Closing of the acquisition of the energy saving technology
Talvivaara announced on 31 January 2017 that the Board of Directors had approved
the closing of the acquisition of the energy saving technology business. Energy
consumption is one of the largest components of operational expenditure for
electric arc furnaces used in the steel making process, and reducing energy
costs by just a few percent can materially improve profitability of a steel mill
utilising electric arc furnaces. The object of sale consisted of the rights to
the system on which the technology is based and the existing equipment utilizing
the technology. The assets have been acquired by a wholly-owned subsidiary of
the Company, FATB Oy.

Talvivaara has continued the development and testing of the technology and has
also hired the necessary technical staff to refine the technology and to ready
it for deployment in an industrial environment. The aim is to commercialize the
technology during year 2017.

Update on additional business opportunities
In its announcement of 31 January 2017, the Parent Company also explained its
strategic aim of establishing a sustainable business or businesses that match
the expertise inherent in the Parent Company as well as providing the prospect
of early cash flow. The new business opportunities investigated by the Parent
Company have not been limited to the mining industry, but also include projects
in the recycling and energy-saving sectors, among others. In addition to the
acquired energy saving technology business, the Parent Company has initiated a
commercialization project, based on its chemical engineering expertise, focused
on developing more efficient use of nutrients and energy production from
renewable raw materials related to livestock farming. Talvivaara is studying
possibilities to create processing units to enable the economic extraction of
valuable content as commercial products from manure streams while at the same
time facilitating the management of the nutrient streams in a way that benefits
the livestock farmers. The Parent Company's target is to convert manure to
energy fraction and high quality fertilizers and to purify the liquid fraction
to a level that allows safe discharge into the environment, and to recover the
nutrients as useful fertilizers.

The Parent Company is also studying and further developing a number of other
opportunities within the so-called "circular economy" in areas related to
metallurgy, chemical processing and construction that could meet its investment
requirements in the short term.

Approval by the EGM of the Board share issue authorization
On 2 February 2017, the extraordinary general meeting of shareholders of the
Parent Company approved the proposal by the Board of Directors to authorise the
Board of Directors to resolve on a share issue for consideration pursuant to the
shareholders' pre-emptive subscription right to raise the funds needed to pay
the remaining restructuring debts of the Company and/or to finance the
development of the Parent Company's new business opportunities. Based on the
authorization, the number of shares which can be issued through one or several
share issues shall not exceed 40,000,000,000 shares in aggregate. The Board of
Directors may decide to issue new shares and/or the Parent Company's own shares
held in treasury by the Parent Company. The Board of Directors has the right to
decide upon the offering to parties determined by the Board of Directors of any
shares that may remain unsubscribed for pursuant to the shareholders' pre-
emptive subscription right. Should the total number of the shares in the Parent
Company afterwards decrease as a result of a reverse share split, the maximum
number of the shares to be issued based on the authorisation shall decrease pro
rata. The Board of Directors is authorised to determine the subscription price
for the new shares and the other terms and conditions of the share issue. The
authorisation of the Board of Directors to issue shares is valid until 30 June
2018.

In Talvivaara's view, the Board authorization fulfilled the special condition
(c), which had been set as one of the preconditions for the confirmation and
entry into force of the Parent Company's Draft Restructuring Programme.

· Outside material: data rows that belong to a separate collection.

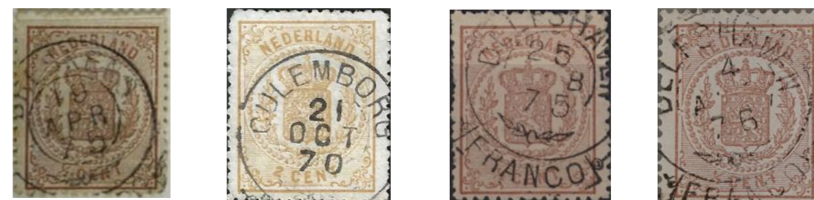
Breskens laatste datum 19-04-1875
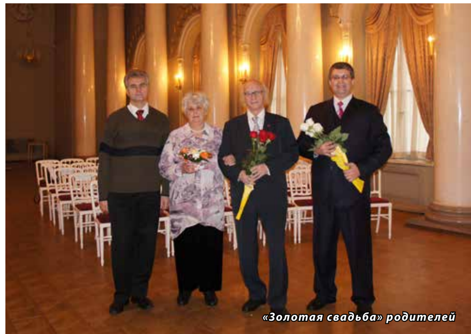
«Золотая свадьба» родителей
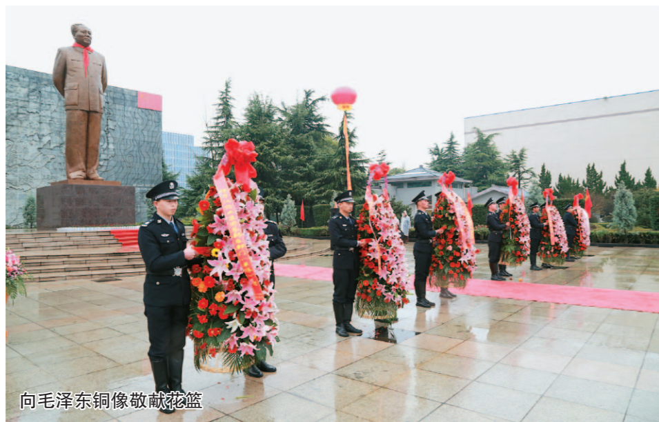
向毛泽东铜像敬献花篮

本报讯 2018年是伟大领袖毛泽东诞辰125周年，为了纪念毛泽东同志，继承和发扬伟人艰苦奋斗、全心全意为人民服务的崇高精神，将无限的怀念之情化作巨大的工作动力，2018年12月26日上午八时整，扬子江药业集团隆重举办了毛泽东铜像落成揭幕仪式。揭幕仪式由监察督察部部长龚卫同志主持，扬子江药业集团董事长徐镜人、集团党委书记、董事长徐镜人、集团党委委员、全体党员干部等300余人参加揭幕仪式。
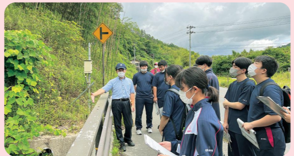
小島地区におけるフィールドワーク
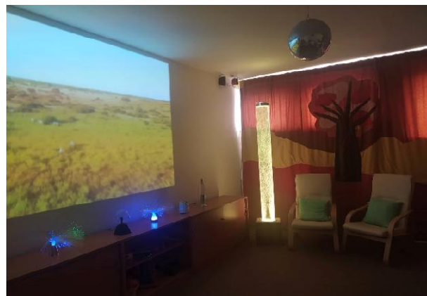
Terapeutická místnost snoezelen
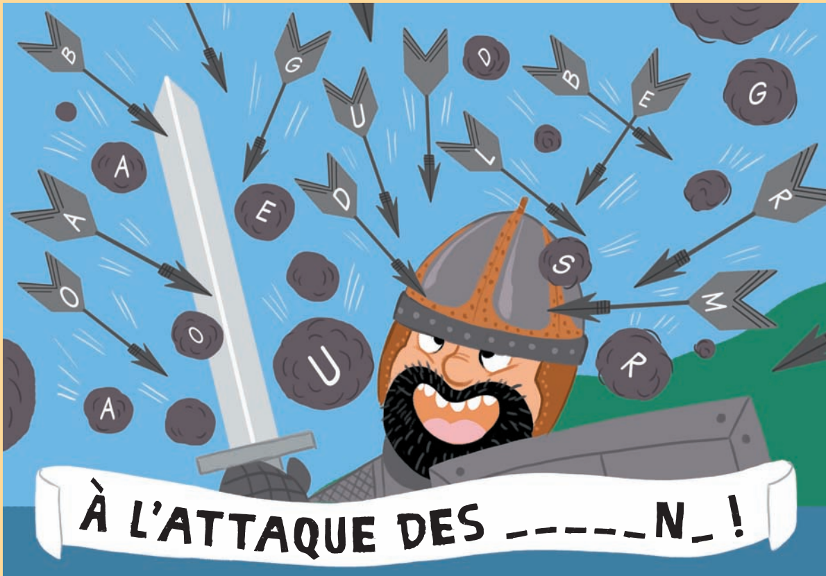
Illustration: Katia de Conti

Barre chaque projectile qui contient une lettre du mot «Burgonde». Il te restera alors 6 lettres pour former le mot caché. À toi de jouer!
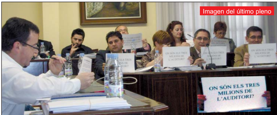
Imagen del último pleno

El PP calcula que recaudará un 135% más que el anterior gobierno en multas de tráfico.
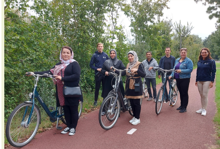
De visie 'Een thuis in de gemeente Lochem voor nieuwkomers' is aangescherpt. De visie betreft niet alleen huisvesting, maar bijvoorbeeld ook dat we willen dat iedereen kan meedoen in het dagelijkse leven. De visie is te lezen op www.lochem.nl .

en locatiekeuze asielopvang. De visie staat ook op de raadsagenda. De tafels zijn live vanuit huis te volgen. Zie de raadsagenda in dit gemeentenieuws. Of kijk op lochem.nl/politiekeavond
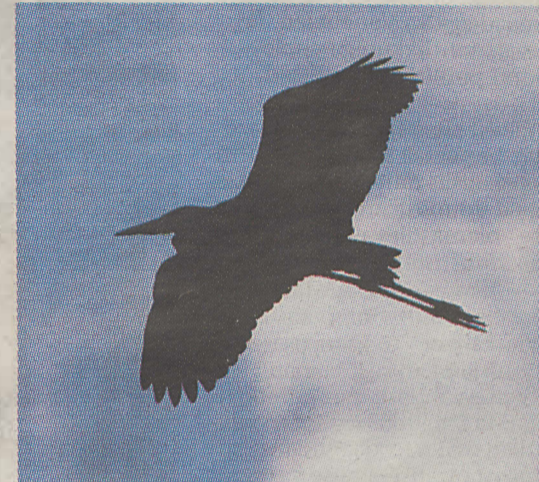
Küürakas. Taeva all tiirutavad haigrud toidavad hoolega poegi.
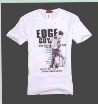
图4-8 底板拍摄 ↗
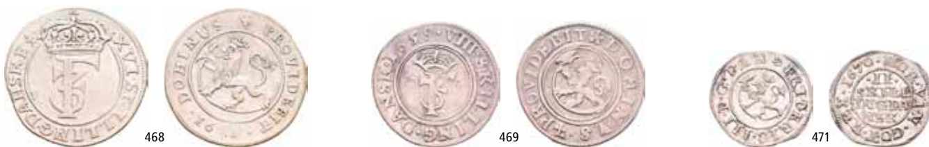
468 1 mark 1665. S.50 NMD.186 H.68I 1+ 7 000 469 8 skilling 1659. S.89 NMD.201 H.69C 1 5 000 Ex. Oslo Mynthandel a/s nr.55 16/4-2005 nr.201 470 Lot 3 stk. 2 skilling 1654, 1667 og 1670 (Christian V.) NMD.213,226, 138 H.70E,70B, 70E 1,1-,1+ 1 000 471 2 skilling 1670. S.9 NMD.231 H.70E 01 2 000 472 Lot 2 stk. 1 skilling 1651 og 1667, S.63 og S.160 NMD.234,250 H.71B,H.71C 1/1+, 1 1 200
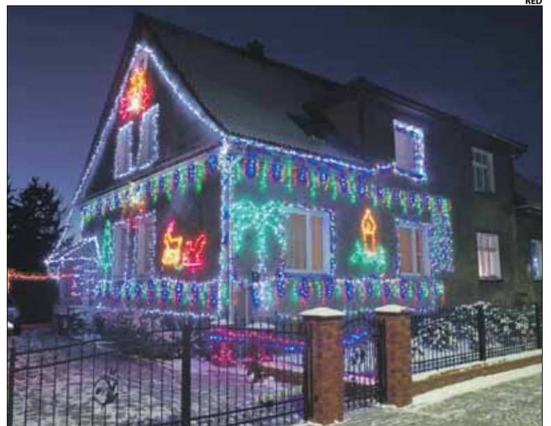
W ubiegłym roku w konkursie nagrodę zdobyli m.in państwo Dragańczukowie, którzy od wielu lat dekorują swoją posesję
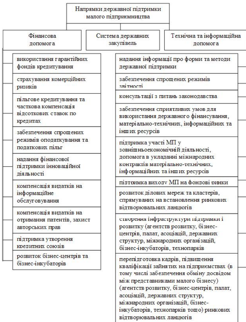
Рис.2. Основні напрямки державної підтримки малого підприємництва у країнах світу.
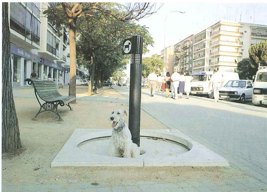
Los Pipi-canes que se están instalando en Sevilla, llevan un sistema de agua corriente.

Una de las más conocidas es la instalación de pipi-canes, de los que existen distintos tipos: de arena,
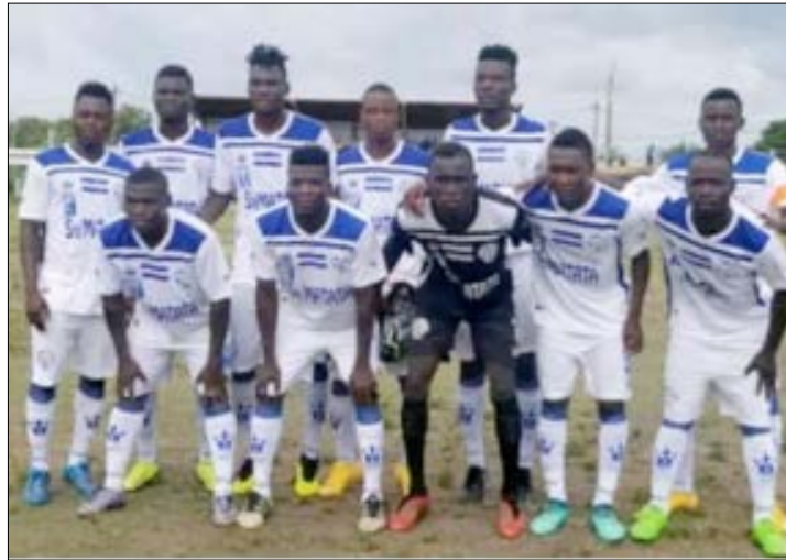
Les Show boys
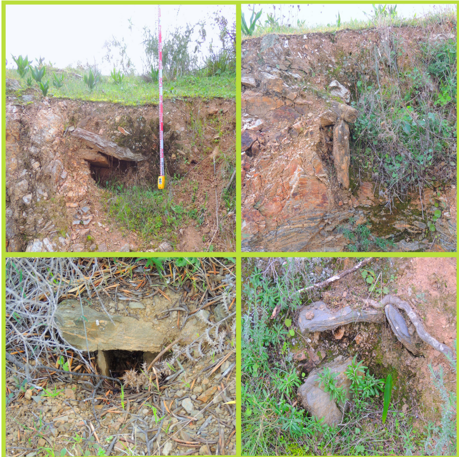
FIGURA 7. Estructuras de enterramiento en los perfiles abiertos por el camino forestal.

El sistema constructivo empleado en los sepulcros consiste en la excavación de una fosa en tierra y su delimitación con lajas dispuestas en vertical, con la salvedad de una de las estructuras, que solo conserva la losa de cubierta reposando sobre la fosa. Las lajas laterales disponen de un grosor aproximado de 3 y 7 cm, exactamente igual que las losas de cubierta, que por su parte están calzadas para su nivelación, con una media de 70 cm de largo por 60 de ancho.
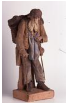
Vieux mendiant (200293)
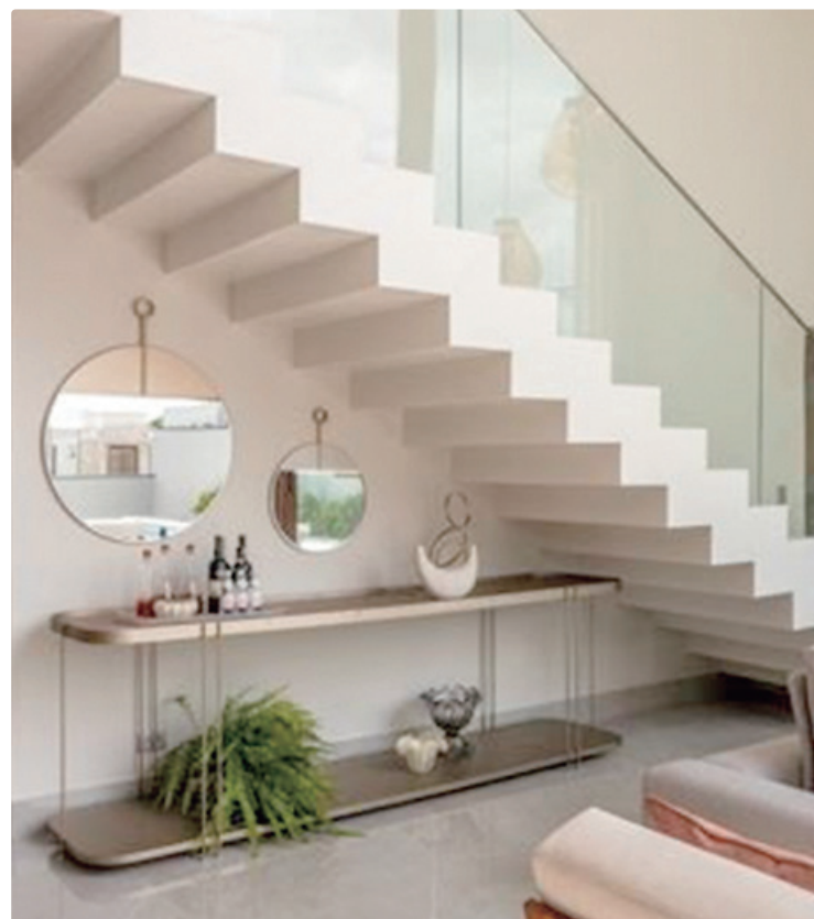
Aparadores sob a escada podem servir de apoio para objetos do dia a dia, como chaves e carteiras, ou integrar a decoração do ambiente

O espaço sob a escada é um dos mais versáteis. Para os profissionais, ele pode ganhar diferentes funções, desde bar, adega até apoio decorativo. “Gosto de propor o uso desse espaço para um bar discreto, com marcenaria sob medida e iluminação pontual, mas também pode receber um banco estofado e almofadas, criando uma área de apoio convidativa, especialmente se houver boa luz natural”, explica. Além da utilidade, os arquitetos lembram que esse tipo de intervenção traz movimento e sofisticação ao layout, criando continuidade visual e conectando pavimentos de forma harmônica.
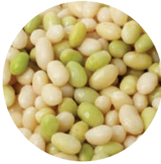
ALUBIA POCHA HARICOT "POCHA" "POCHA" WHITE BEANS
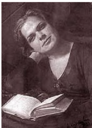
Рис. 8. Бронислава Давыдовна Корсунская (10 (23) сентября 1909 г., г. Киев, Российская империя – 1 июля 1986 г., г. Москва, СССР), кандидат педагогических наук (1944), выдающийся отечественный дефектолог, один из основоположников современной российской сурдопедагогики, разработчик оригинальной системы дошкольного воспитания и обучения глухих детей, автор трех первых в мире книг для самостоятельного чтения глухими дошкольниками «Читаю сам», более 100 научных работ, методических и учебных пособий, инициатор создания трех первых в истории сурдопедагогики фильмов о маленьких глухих детях: научно-популярного «Я понять тебя хочу» и учебно-методических «Они будут говорить», «Если ребенок не слышит»

проявила инициативу принять участие в эксперименте Брониславы Давыдовны Корсунской (рис. 8), которая тогда ввела дактилологию как средство развития речи в дошкольном образовании глухих.
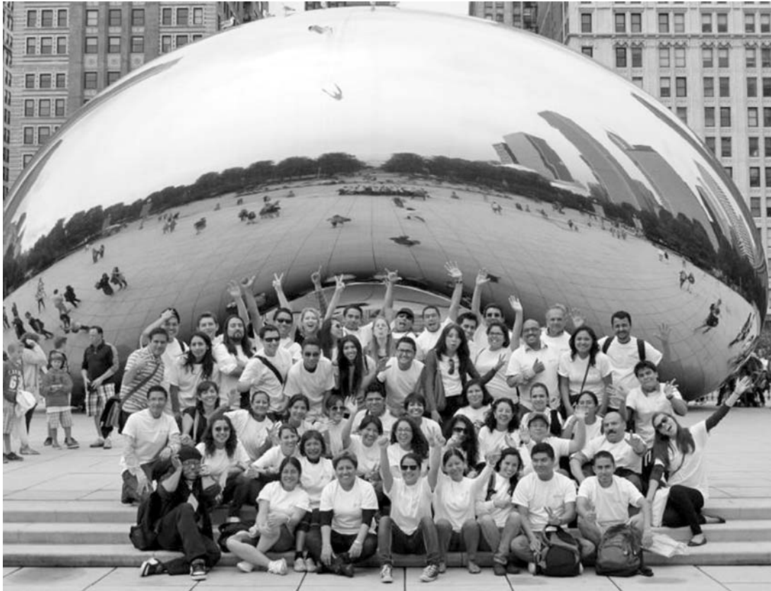
El viaje incluyó actividades culturales.
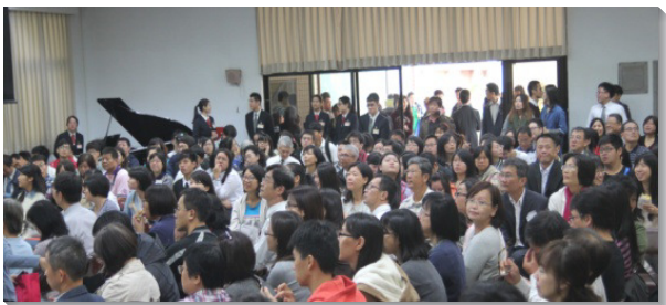
▲學員家屬與聖徒踴躍與會，現場座無虛席

會中，學員豪邁的唱詩，見證他們向著神呼召的堅定心志。並有八位學員分享，他們如何藉著訓練的幫助，在生命、事奉、基督的身體、性格等方面得著成全。一位姊妹見證，她不喜歡作整潔勞務，因此當她知道被分配到相關的專項服事時，心裏不禁埋怨。經過多次的交通與禱告，她看見，服事這些看似微不足道的事，其實就是事奉神，便願意學習忠信，像主耶穌一樣卑微服事。另一位弟兄分享，在開展的配搭過程中，主用基督身體的異象光照他，使他看見自己的驕傲。於是他向主禱告認罪，樂意受主對付，與人相調建造。最終，他與同伴的事奉帶進了主的祝福。此外，幾位結訓多年的聖徒分享訓練對他們在職場，以及召會生活中的幫助，使他們無論何往，都帶著雄心大
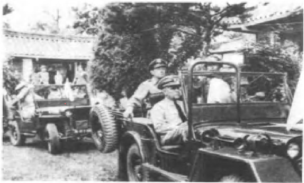
參加停戰談判的美軍代表。
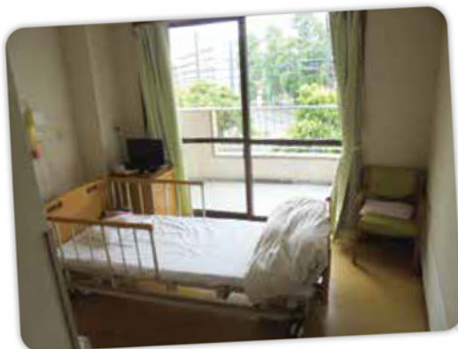
居室は“個室”“2人室”“4人室” があります。

在宅での生活が困難になった高齢者の方が、生活全般に関する介護を受けながら生活をする施設です。四季折々の行事の開催や、それにまつわる食事食の提供、歌や生花など趣味活動に力を入れ、潤いのある生活を提供していきます。希望される方には看取り介護も提供しています。
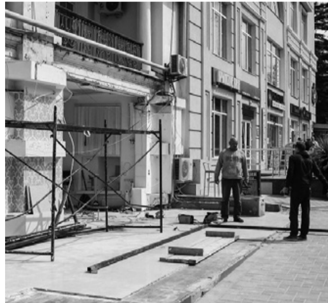
Пристройку у известного ялтинского отеля уже снесли.

Кроме того, по словам главы администрации, на улице Рузвельта установят новое освещение и проведут кронирование дубов.

Corporate reorganisation proceedings
On 6 March 2017, Talvivaara announced that the Administrator of the Parent
Company's corporate reorganisation proceedings has filed a request for
confirmation of the Restructuring Programme of Talvivaara to the District Court
of Espoo. According to the Administrator, all the special conditions set for the
confirmation and entry into force of the Restructuring Programme have been
fulfilled. The Company anticipates the District Court of Espoo to give its
ruling on the request within the next few weeks.

Insider dealing charges brought against a member of the Company's Executive
Committee
Talvivaara announced on 9 March 2017 that charges have been brought against a
member of its Executive Committee on a case concerning alleged misuse of insider
information. The Company is not a party to the case, but the Company's
disclosure practices in 2012 - 2013 have been heard in the Helsinki District
Court in consequence of the charges brought by the prosecutor in May 2016. To
the Company's understanding this insider dealing charge concerns the same time
period. The main hearing phase of the disclosure case has ended, but no decision
in the case has been given yet. The Company's view is that the brought charges
have no impact on the Company or its financial position nor do they give any
reason to reassess the composition of the Company's Executive Committee.

Short-term outlook
The operational outlook for Talvivaara is greatly dependent on the successful
completion of the Parent Company's corporate reorganisation proceedings within
the prescribed time frame, and the materialisation and further development of
the Parent Company's new business opportunities currently under contemplation.
In the view of the Board of Directors, transforming the selected business
opportunities into income generating businesses will require further financing.

Whilst the Administrator's final draft restructuring programme gives the Parent
Company reasonably sufficient time to complete the reorganization proceedings,
there is no certainty that the Company will be successfull in developing its new
business opportunities and, ultimately, in completing the corporate
reorganisation proceedings through due payments.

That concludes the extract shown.